As regras para o descredenciamento da rede devem seguir 2 critérios:
- notificação prévia de 30 dias ao usuário
- substituir por outro equivalente – mesma região, área de abrangência, qualidade
“A Lei dos Planos de Saúde define que a operadora não é obrigada a manter a rede credenciada para sempre, mas tem que seguir regras e não é porque não é obrigada que vai mudar o perfil dos serviços que o cliente contratou”, ressalta Fábio Santos , sócio do Vilhena silva advogados e especialista em direito à saúde.
A advogada Desirreé Franco, do escritório Goulart Penteado, comenta que é importante, de início, destacar que o ato de descredenciamento praticado pelas operadoras não implica em nenhuma violação legal. “Os planos de saúde podem fazer o descredenciamento de laboratórios e hospitais quando necessário, devendo comunicar os clientes sobre a mudança com 30 dias de antecedência”, diz.
Desirreé Franco lembra, no entanto, que a mudança fica condicionada à manutenção do nível de serviço que os laboratórios e hospitais descredenciados apresentavam, ou seja, os novos credenciados devem conter a mesma qualidade daqueles que foram substituídos. “Promover a manutenção da qualidade da rede anteriormente credenciada é uma forma de garantir que nenhum prejuízo seja suportado pelos consumidores”, salienta.
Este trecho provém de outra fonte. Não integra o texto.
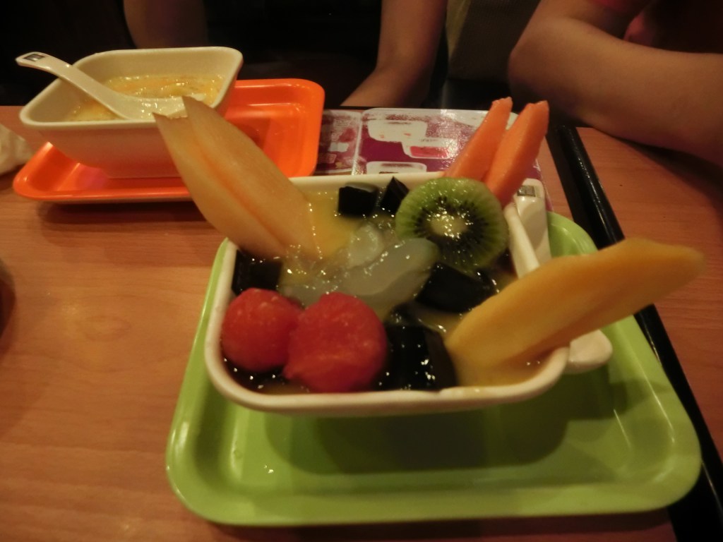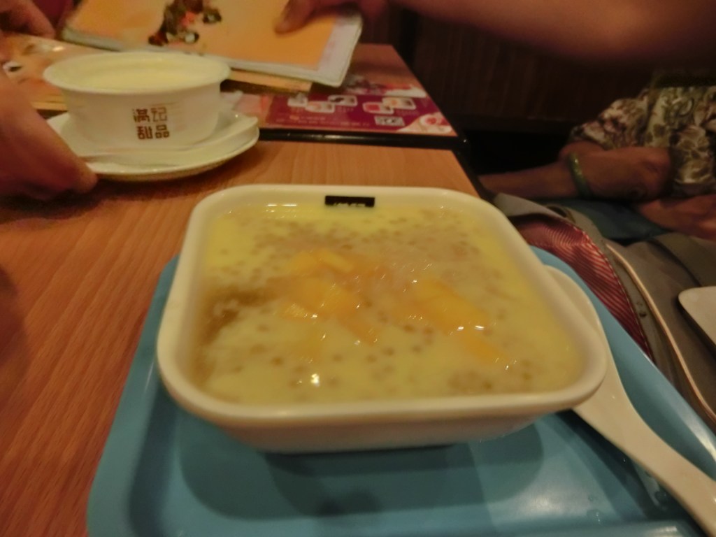 We stopped at Honeymoon Dessert (满记甜点), a Hong Kong chain dessert shop, for traditional Chinese desserts, like sweet almond soup, fruit soup, mango and tapioca in coconut milk, and fresh fruit salad.
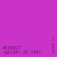 Цвет #C933C7 в цветовой модели RGB обозначается тремя октетами (201, 51, 199) в десятичном формате и #C933C7 в шестнадцатиричном (hex) формате, которые являются интенсивностью красного 201 (hex C9), интенсивность зелёного 51 (hex 33) и интенсивность синего 199 (hex C7).
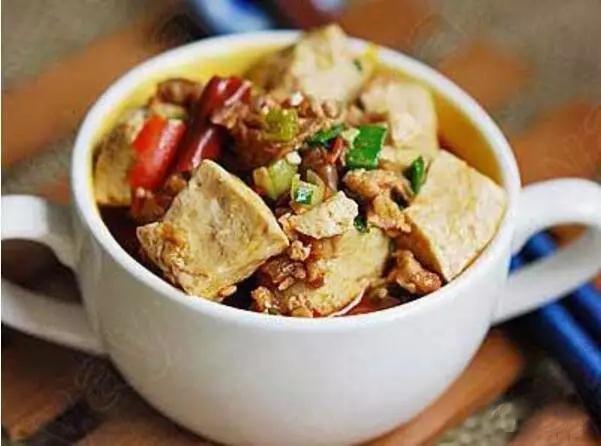 牛肉沫燒豆腐:將豆腐切成小塊,用開水焯過一遍,牛肉去筋切成肉沫,炒鍋燒開倒油,油燒熱后放入切碎的蔥花、牛肉沫煸炒,然后再放入焯水后的豆腐,加入鹽、糖、料酒、雞精、適量的水煮幾分鐘,起鍋前再加入勾芡好的淀粉即可。
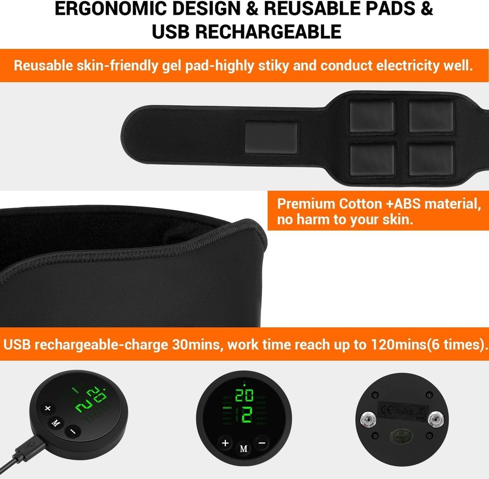 Features : Unisex for Man & Women Anywhere For home gym exercise workout training Remote control by simple button High quality Leather Material. No need extra gel sheets . 30 minutes per day, fast and easy to shape body curve, build a strong figure, Surprise Yourself!! EASY TO USE - POWER ON: Press the "+" button, the indicator lights up. press again Muscle Stimulation Belt begin to work. - POWER OFF: Press the "-" button to decrease the intensity until the blue indicator light turns off. - MODE SWITCHING:Turn on the device and press the "M" button to toggle freely between massage modes. Package - Ab Toning Remote controller - Ab Toning Belt - Extension band * 1 - Instruction Manual Tip: Our Abs workout equipment work by water, which is very economical and environmentally friendly. Two important points: one is that the irritation area must be moist, and the other is that the stimulator must be close to the skin, and there must be no gap between the stimulator and the skin, otherwise there will be discomfort and the effect will not be good. Note: 1. Do not use it when you are sleeping 2. The following people are not allowed to use the product or it may cause accidents, the problems of skin and body. -Internally transplanted electronic medical device, such as pacemakers. -Electronic medical life-support equipment such as artificial cardiopuimonary machine. -Electronic medical devices attached to the body such as electroncardiogram scanner. -Women who are pregnant or give birth to babies recently. In order to help you get in the best shape of your life, our team has designed the ultimate training device: a great choice for those looking for a convenient way to tone, strengthen and firm the abdominal area. This Abs workout equipment can build muscle and massage effect. This belt is designed for both men and women. It also comes with an adjustable strap for your size. The belt is made with solid materials. The upgraded flex belt is a necessity for anyone who wants to keep their abs toned. Abs workout equipment provides ideal workout.It is equipped with an adjustable buckle design, which make it easier to use.This new upgraded powerful dynamics provides stronger sense. Many modes can be useful for exercising the whole body with just one key operation. The Ab workout equipment is designed to help you with your six pack.Concentrating frequency conversion and professional pulse combination can achieve one-button fitness to realize warming up, exercising, relaxing, stretching. 【PACKAGE INCLUDES】-- Abs Toning Belt * 1, Remote Controller * 1, USB Charging Cable * 1, User Manual * 1.Please read instructions carefully before use. ( *DO NOT use the product if you have Allergic skin or an existing cardiac condition, implanted metal devices/screws areas of the body or suffer from epilepsy.)
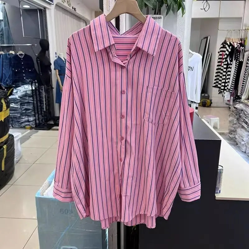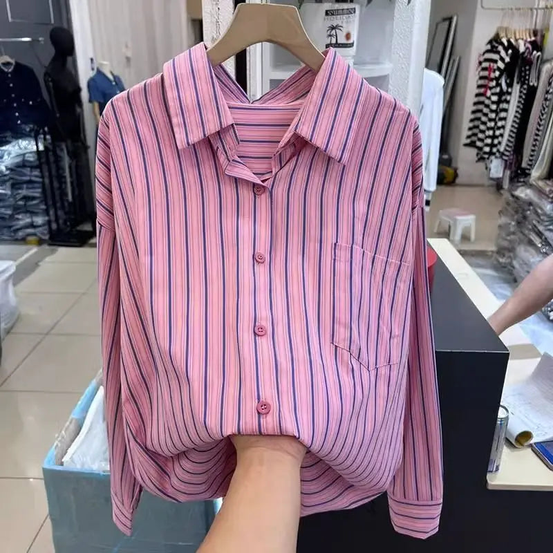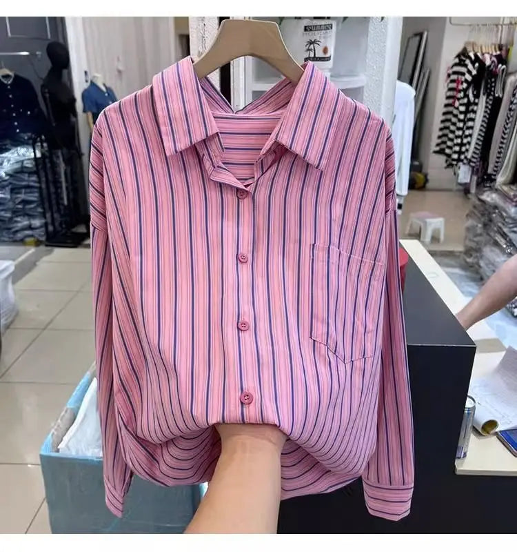 DERMEARNE Pink Striped Long Sleeve Blouse Spring New Polo Neck Korean Loose Youth All-match Trend Shirt Tops Casual Fashion Women Clothing

Além disso, destaca a advogada, é necessário que a nova rede seja credenciada no mesmo município da anterior ou, em caso de indisponibilidade na região, deverá o substituto estar localizado em um município próximo. “Caso a operadora queira reduzir a rede credenciada, será necessário direcionar um pedido à ANS, que deverá analisar os motivos expostos para conceder ou não a autorização”, explica a advogada.
Na prática, no entanto, não é bem isso que está ocorrendo. Especialistas ouvidos pelo InfoMoney relatam que usuários de planos de saúde têm encontrado dificuldades para agendar exames fora da rede própria dos convênios. “Essa tem sido uma estratégia dos planos para economizar despesas e que tem sido cada vez mais recorrente”, comenta o advogado Columbano Feijó, sócio do escritório Falcon, Gail, Feijó e Sluiuzas Advogados. Santos concorda que a rede própria custa mais barato e que isso tem levado muitas operadoras a tirarem laboratórios que não são da rede própria de sua lista. “Tira os credenciados e deixa só a rede própria para atender sem redução de valor. Isso é, no mínimo, muito injusto”, pontua.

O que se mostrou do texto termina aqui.